I can only add to what everyone has said. This is, to me, truly one of the greatest videos on this platform. This way of conveying mathematics is simply so extremely beautiful to me. I would also add that (apart from the mathematical content, which was simply wonderful) now I also understood Conway's statement of regretting inventing the Game of Life, for it was only this he was being associated with. All this deep, much more beautiful mathematical structure can only come out of the mind of a true genius and artist. Your fascinating video really connected what I had considered to be unrelated ideas. While I do not believe in the supernatural, I still believe that this legacy will prevail and that some idea of post-death impact is relevant to your person. It makes me very sad, both emotionally as a human and academically as a math learner and teacher, that you have not lived to see the true fruits of what you have achieved. Even more so than before, I now know that I will dedicate my life to mathematical (and CS) theory and teaching the alike to everyone.
This is a difficult video to understand, even for people with more math experience. If you took away some interesting ideas from the video then that's enough.
Since you're an art major, hopefully you can appreciate that the comment above is like responding to someone who doesn't "get" an art piece by saying "art doesn't matter and this is just some pretentious BS anyways."
@@zmaj12321 The difference is I'm a hypocrite, because I do like art, even though it's even more useless than math. I'm just a miserable asshole who hates people that are smarter than me.
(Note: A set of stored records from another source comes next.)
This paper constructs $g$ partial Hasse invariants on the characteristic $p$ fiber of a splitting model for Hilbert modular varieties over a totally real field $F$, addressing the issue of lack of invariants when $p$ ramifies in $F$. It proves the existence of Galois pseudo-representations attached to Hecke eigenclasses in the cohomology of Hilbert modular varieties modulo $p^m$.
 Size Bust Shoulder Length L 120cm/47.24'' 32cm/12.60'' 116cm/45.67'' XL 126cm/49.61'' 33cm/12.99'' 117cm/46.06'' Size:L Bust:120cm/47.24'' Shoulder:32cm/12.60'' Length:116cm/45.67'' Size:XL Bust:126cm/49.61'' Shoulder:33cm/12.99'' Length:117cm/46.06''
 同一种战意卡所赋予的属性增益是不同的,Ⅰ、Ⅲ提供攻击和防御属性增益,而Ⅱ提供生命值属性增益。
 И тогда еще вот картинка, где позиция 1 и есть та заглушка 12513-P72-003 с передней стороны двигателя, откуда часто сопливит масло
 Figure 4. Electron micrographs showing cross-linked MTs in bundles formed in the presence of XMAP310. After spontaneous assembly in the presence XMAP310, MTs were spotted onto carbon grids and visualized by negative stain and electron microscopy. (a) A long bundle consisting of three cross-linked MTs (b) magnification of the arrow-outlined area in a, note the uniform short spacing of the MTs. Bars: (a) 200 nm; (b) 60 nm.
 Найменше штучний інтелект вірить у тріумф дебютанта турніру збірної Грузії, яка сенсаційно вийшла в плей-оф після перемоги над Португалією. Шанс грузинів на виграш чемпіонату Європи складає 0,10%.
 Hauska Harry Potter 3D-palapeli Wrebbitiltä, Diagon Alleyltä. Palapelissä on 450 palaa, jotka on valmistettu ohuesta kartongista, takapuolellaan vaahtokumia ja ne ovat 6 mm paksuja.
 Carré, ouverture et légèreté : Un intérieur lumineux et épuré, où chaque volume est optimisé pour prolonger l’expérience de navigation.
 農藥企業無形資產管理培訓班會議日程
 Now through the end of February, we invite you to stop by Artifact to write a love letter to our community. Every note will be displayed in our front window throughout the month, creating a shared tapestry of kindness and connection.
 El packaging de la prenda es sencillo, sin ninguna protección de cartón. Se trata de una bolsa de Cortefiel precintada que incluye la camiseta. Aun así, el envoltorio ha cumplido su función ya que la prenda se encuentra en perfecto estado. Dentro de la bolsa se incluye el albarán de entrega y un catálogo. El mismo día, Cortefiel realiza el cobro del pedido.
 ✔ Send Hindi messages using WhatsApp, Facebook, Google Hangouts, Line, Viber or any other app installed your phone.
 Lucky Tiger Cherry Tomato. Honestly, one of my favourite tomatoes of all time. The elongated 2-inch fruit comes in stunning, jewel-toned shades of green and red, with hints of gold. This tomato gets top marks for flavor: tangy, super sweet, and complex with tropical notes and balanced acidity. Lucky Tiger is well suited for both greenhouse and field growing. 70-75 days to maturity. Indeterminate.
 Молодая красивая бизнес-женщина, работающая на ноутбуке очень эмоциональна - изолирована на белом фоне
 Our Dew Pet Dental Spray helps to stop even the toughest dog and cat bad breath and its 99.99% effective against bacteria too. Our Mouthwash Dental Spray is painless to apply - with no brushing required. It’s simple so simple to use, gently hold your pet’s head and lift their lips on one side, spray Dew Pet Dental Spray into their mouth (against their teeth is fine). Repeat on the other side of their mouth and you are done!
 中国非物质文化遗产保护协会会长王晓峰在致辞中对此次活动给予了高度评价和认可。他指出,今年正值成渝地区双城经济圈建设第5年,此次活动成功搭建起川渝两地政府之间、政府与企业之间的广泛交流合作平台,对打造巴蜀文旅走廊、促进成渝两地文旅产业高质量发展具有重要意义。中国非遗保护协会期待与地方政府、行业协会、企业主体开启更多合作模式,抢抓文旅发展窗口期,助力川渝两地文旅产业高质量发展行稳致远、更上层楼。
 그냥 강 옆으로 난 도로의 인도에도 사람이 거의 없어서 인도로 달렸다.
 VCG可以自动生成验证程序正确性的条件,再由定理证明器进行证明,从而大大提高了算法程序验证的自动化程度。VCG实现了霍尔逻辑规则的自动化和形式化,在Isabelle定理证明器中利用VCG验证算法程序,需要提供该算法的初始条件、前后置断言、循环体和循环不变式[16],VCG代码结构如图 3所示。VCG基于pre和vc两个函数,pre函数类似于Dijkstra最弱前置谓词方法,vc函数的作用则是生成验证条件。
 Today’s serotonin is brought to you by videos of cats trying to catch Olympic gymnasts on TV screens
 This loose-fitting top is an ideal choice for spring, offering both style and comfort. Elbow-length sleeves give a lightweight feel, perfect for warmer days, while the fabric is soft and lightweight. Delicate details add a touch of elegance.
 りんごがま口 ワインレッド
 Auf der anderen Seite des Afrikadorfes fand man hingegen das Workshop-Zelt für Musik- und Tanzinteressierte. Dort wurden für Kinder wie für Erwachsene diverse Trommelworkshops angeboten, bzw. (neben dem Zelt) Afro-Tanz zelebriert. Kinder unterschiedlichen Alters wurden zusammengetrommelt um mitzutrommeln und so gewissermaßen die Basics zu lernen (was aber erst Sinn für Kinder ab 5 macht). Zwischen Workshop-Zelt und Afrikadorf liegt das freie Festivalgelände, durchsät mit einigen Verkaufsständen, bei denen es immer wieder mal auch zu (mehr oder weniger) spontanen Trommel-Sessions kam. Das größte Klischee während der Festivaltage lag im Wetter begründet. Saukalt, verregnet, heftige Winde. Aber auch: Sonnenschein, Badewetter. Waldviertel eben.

@@zmaj12321Besides, math is supposed to be like "objective" like, it a thing that you can actually measure, not getting means you're a moron, not getting art just means that you don't get it, as it speaks to like whatever the fuck. Basically not getting art is normal, not getting math is for people who breath with their mouth
you can't represent all games with hackenbush. I don't think tiny can be represented. you CAN represent oof (tiny = {0|oof}) using the fragile branches. in the video a representation of all {n,-m} with natural n,m is shown. for oof={0,off}, just use n=0 and m=on=-off.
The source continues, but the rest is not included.